Llegar a Phnom Penh puede ser desconcertante. No es una ciudad fácil. No te recibe con templos majestuosos como Angkor ni con playas turquesa.
Te recibe con caos, con tuk-tuks que zumban, con cables eléctricos enredados como serpientes, con aromas dulces y punzantes que no sabes si vienen del mango o del mercado de pescado. Pero, si te detienes, si caminas con los ojos abiertos y el alma en modo escucha, Phnom Penh te habla.

Una capital con alma imperial
Pocos saben que Phnom Penh fue llamada alguna vez la “Perla de Asia”. A principios del siglo XX, bajo la influencia francesa, era una ciudad elegante, con bulevares arbolados, arquitectura colonial, cafés y tranvías. Pero antes de eso, ya era el epicentro del reino: fue fundada en el siglo XIV, cuando una mujer llamada Doun Penh (de ahí el nombre de la ciudad) colocó cuatro estatuas budistas halladas en el río Mekong en una colina, y sobre ella se erigió un templo: Wat Phnom.
Hoy, ese templo sigue allí. Y muchos camboyanos aún suben sus escalones para pedir buena fortuna, como lo hizo aquella mujer anónima que sin saberlo daría nombre a su país.
Camboya y los Jemeres Rojos
Camboya venía de siglos de imperios, guerras, colonialismo francés y la agitación de una independencia joven. Pero nada, absolutamente nada, preparó a su gente para lo que llegaría en abril de 1975.
Era el 17 de abril. Los jemeres rojos, un grupo comunista radical liderado por Pol Pot, entraron en Phnom Penh. La ciudad no resistió. No hubo disparos. Muchos pensaron que la guerra por fin había terminado. Que la paz, al fin, llegaba.
Pero esa misma tarde, todo cambió.
Los soldados, vestidos de negro, con pañoletas rojas al cuello, comenzaron a vaciar la ciudad. En cuestión de horas, millones de personas fueron expulsadas de sus casas. Ancianos, niños, mujeres embarazadas. Les dijeron que solo sería por tres días. Que volvieran pronto.
Nunca volvieron.
🏚 El experimento: una utopía convertida en pesadilla
Pol Pot tenía un sueño enfermo: una Camboya agraria, sin clases, sin religión, sin comercio, sin pasado. Todo debía ser destruido. Querían “reiniciar la historia” desde el Año Cero.
Los intelectuales fueron los primeros en caer. No hacía falta haber estudiado para ser considerado sospechoso. Llevar gafas podía ser motivo de ejecución. O hablar francés. O saber leer. O simplemente no trabajar con suficiente fervor.
Las familias fueron separadas. Las ciudades quedaron vacías. Los mercados cerrados. Los templos, profanados. La comida escaseaba. Se vivía bajo vigilancia constante. No existía el yo: solo el colectivo. Y el castigo.

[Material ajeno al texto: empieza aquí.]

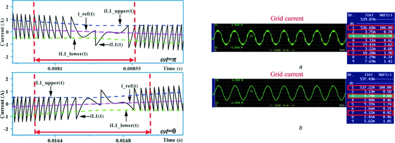 Das Beispiel eines Photovoltaik-Wechselrichters zeigt, wie effektiv HHC die Verzerrungen der Brückenschalttransistoren im Nulldurchgang reduziert (Bild 9, links) und damit sowohl Emissionen als auch Verzerrungen im Stromnetz eliminiert. Der hohe Klirrfaktor von 7,8 Prozent der 3. Harmonischen der sinusförmigen Netzspannung (Bild 9, oben rechts) wird durch den Einsatz von HHC auf 0,9 Prozent reduziert (Bild 9, unten rechts).
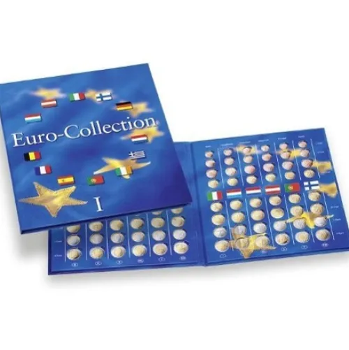 Sammelalbum aus hochwertig bedrucktem stabilen Karton mit vorgestanzten Einlagen zum Eindrücken der Euro-Kursmünzensätze der 12 Euroländer.

Tuol Sleng y los campos de exterminio: la memoria del horror
No se puede hablar de Phnom Penh sin mirar de frente a su herida más profunda. En los años 70, durante el régimen de los Jemeres Rojos, la ciudad se vació completamente. Los hospitales, las escuelas, los mercados… todo fue abandonado. Los habitantes fueron deportados al campo. Allí comenzó el genocidio.
El Museo del Genocidio de Tuol Sleng, antigua escuela convertida en prisión de tortura (S-21), es un lugar que corta el aliento. No es fácil entrar. Las paredes aún tienen marcas de grilletes. Las fotos de las víctimas te miran sin juicio, pero con peso. A las afueras, en Choeung Ek, los llamados Killing Fields, miles de personas fueron asesinadas y enterradas en fosas comunes. Hoy, una estupa llena de calaveras rinde homenaje.
Y, sin embargo, ir es necesario. Para entender. Para no olvidar. Para honrar la resiliencia de un pueblo que no se ha rendido.

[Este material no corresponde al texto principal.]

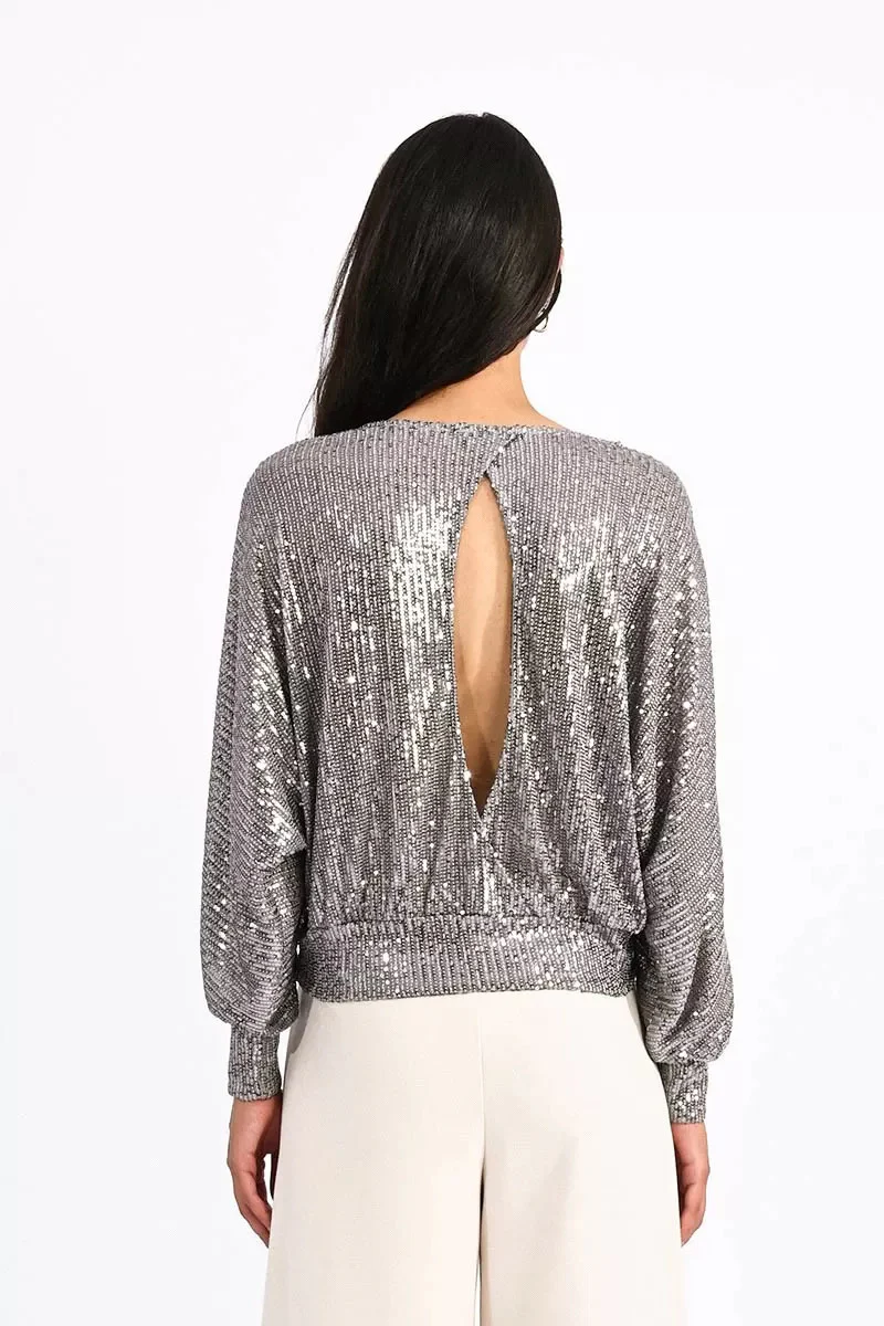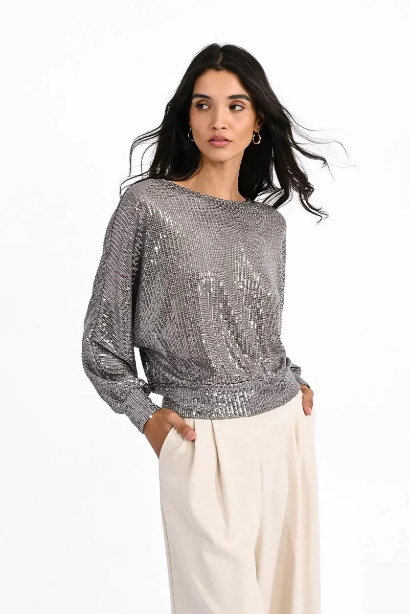 Maglia interamente rivestita di paillettes. Girocollo regolare con goccia e chiusura con bottone sulla schiena. Maniche lunghe a pipistrello, fondo a palloncino con polsini elasticizzati. Vestibilit� comoda. Taglia in foto S. Composizione tessuto 90% poliestere 10% elastan.

En la escuela de Tuol Sleng fueron encerradas más de 20.000 personas. Solo 12 sobrevivieron.Hoy dos de esos supervivientes, están allí para contarte su historia si quieres, ya con una avanzada edad.
Las celdas eran pequeñas y oscuras. Las torturas se aplicaban no para obtener información, sino para fabricar confesiones. Se obligaba a los prisioneros a inventarse crímenes, traiciones, conspiraciones.
Cuando ya no eran “útiles”, eran enviados a Choeung Ek, uno de los más de 300 “campos de exterminio” repartidos por el país. Allí, no se disparaban balas: se usaban palos, machetes, herramientas de granja. Para ahorrar munición.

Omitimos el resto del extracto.